* _GIVEN DATA_
--- --- ---

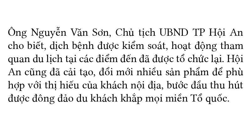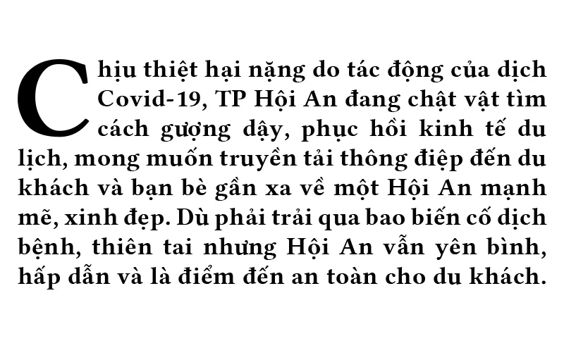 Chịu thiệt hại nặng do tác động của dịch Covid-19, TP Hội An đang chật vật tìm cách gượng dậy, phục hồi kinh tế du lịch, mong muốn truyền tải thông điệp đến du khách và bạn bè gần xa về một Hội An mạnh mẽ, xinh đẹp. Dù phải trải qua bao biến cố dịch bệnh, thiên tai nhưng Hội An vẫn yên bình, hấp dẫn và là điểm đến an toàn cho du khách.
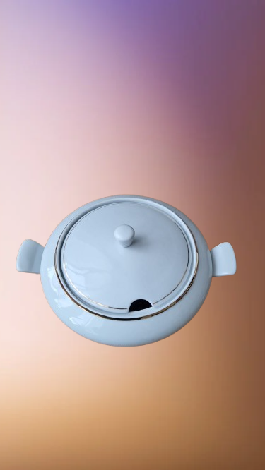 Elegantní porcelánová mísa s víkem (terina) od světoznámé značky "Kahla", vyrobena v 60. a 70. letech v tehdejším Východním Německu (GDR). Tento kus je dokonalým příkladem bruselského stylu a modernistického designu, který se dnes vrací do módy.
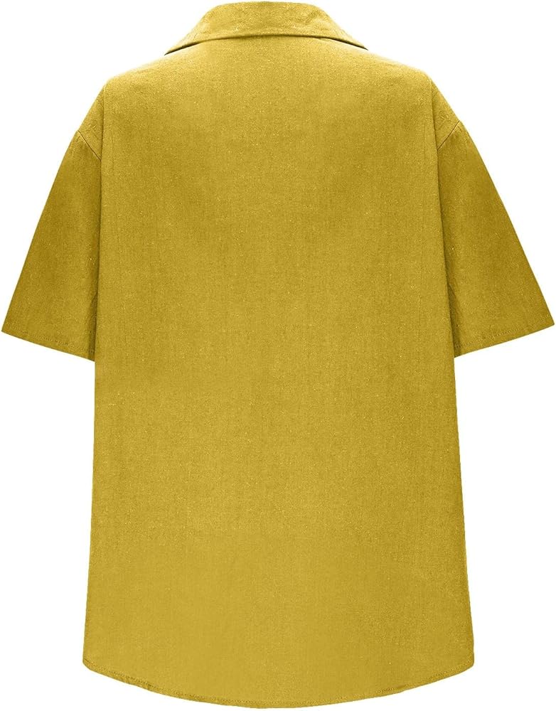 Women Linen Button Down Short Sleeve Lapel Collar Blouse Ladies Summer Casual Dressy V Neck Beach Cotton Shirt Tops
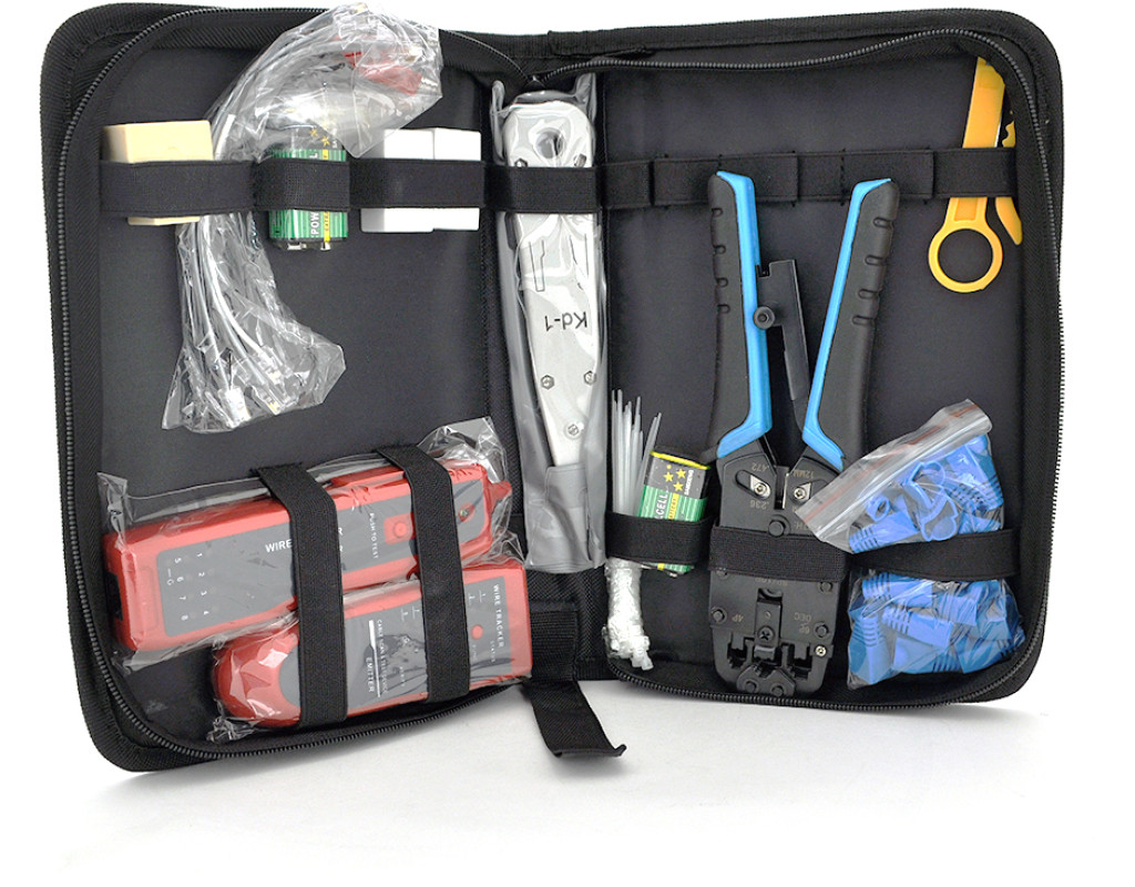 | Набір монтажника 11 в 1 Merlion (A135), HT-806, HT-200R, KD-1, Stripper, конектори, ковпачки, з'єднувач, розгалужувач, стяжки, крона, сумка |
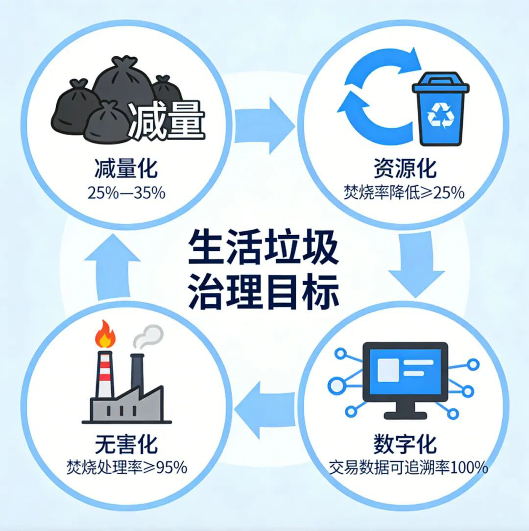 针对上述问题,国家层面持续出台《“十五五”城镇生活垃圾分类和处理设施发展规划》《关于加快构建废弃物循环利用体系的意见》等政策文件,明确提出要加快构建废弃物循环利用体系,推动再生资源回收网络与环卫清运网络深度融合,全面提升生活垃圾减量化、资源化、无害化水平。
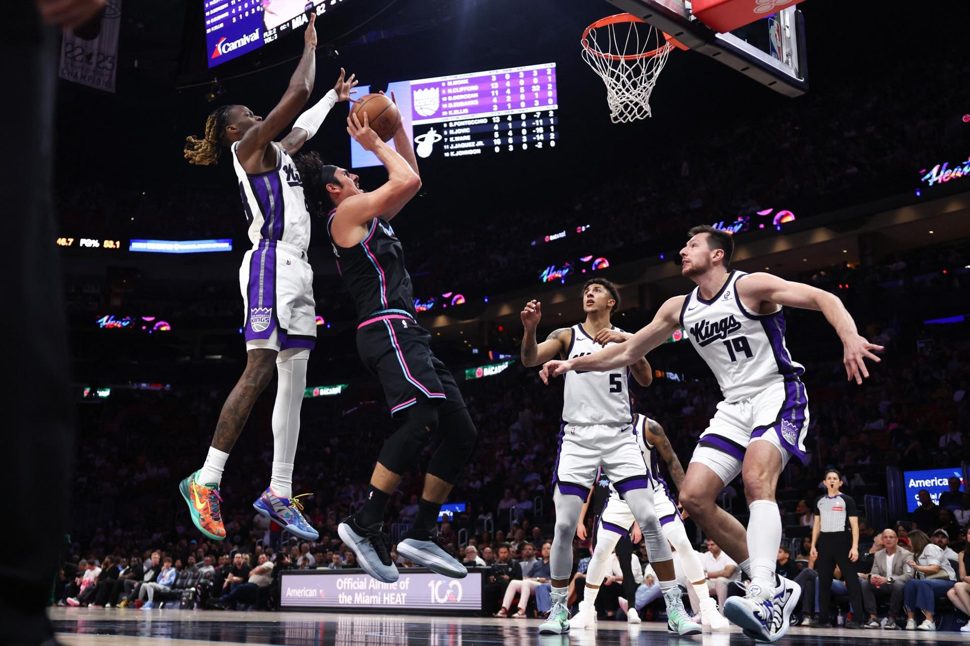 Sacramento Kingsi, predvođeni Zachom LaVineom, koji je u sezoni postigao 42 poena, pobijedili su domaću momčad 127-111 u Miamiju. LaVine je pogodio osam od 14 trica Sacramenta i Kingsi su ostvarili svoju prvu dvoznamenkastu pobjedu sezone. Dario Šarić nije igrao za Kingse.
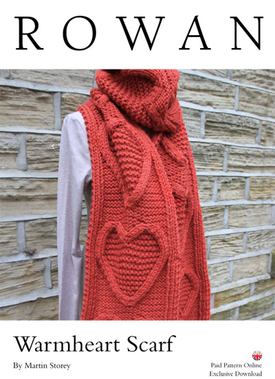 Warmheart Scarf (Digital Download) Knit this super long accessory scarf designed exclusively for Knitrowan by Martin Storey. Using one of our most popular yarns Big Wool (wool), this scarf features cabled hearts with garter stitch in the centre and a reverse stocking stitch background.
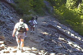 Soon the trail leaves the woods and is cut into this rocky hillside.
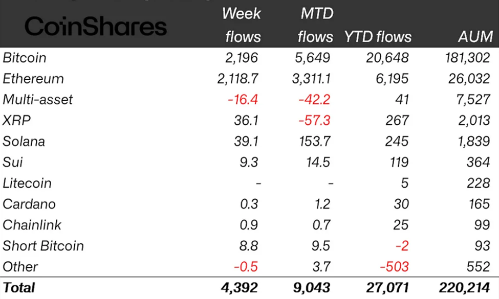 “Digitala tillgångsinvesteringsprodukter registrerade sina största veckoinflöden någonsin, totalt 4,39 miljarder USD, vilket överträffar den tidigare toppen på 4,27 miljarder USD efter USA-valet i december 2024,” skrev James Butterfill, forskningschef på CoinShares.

--- --- ---

* _WHAT IS EXPECTED_
Retype, without any picture, exactly the lines from the one with "Warmheart Scarf (Digital" through the end of the entries, inclusive.

* _YOUR RESPONSE_
 Warmheart Scarf (Digital Download) Knit this super long accessory scarf designed exclusively for Knitrowan by Martin Storey. Using one of our most popular yarns Big Wool (wool), this scarf features cabled hearts with garter stitch in the centre and a reverse stocking stitch background.
 Soon the trail leaves the woods and is cut into this rocky hillside.
 “Digitala tillgångsinvesteringsprodukter registrerade sina största veckoinflöden någonsin, totalt 4,39 miljarder USD, vilket överträffar den tidigare toppen på 4,27 miljarder USD efter USA-valet i december 2024,” skrev James Butterfill, forskningschef på CoinShares.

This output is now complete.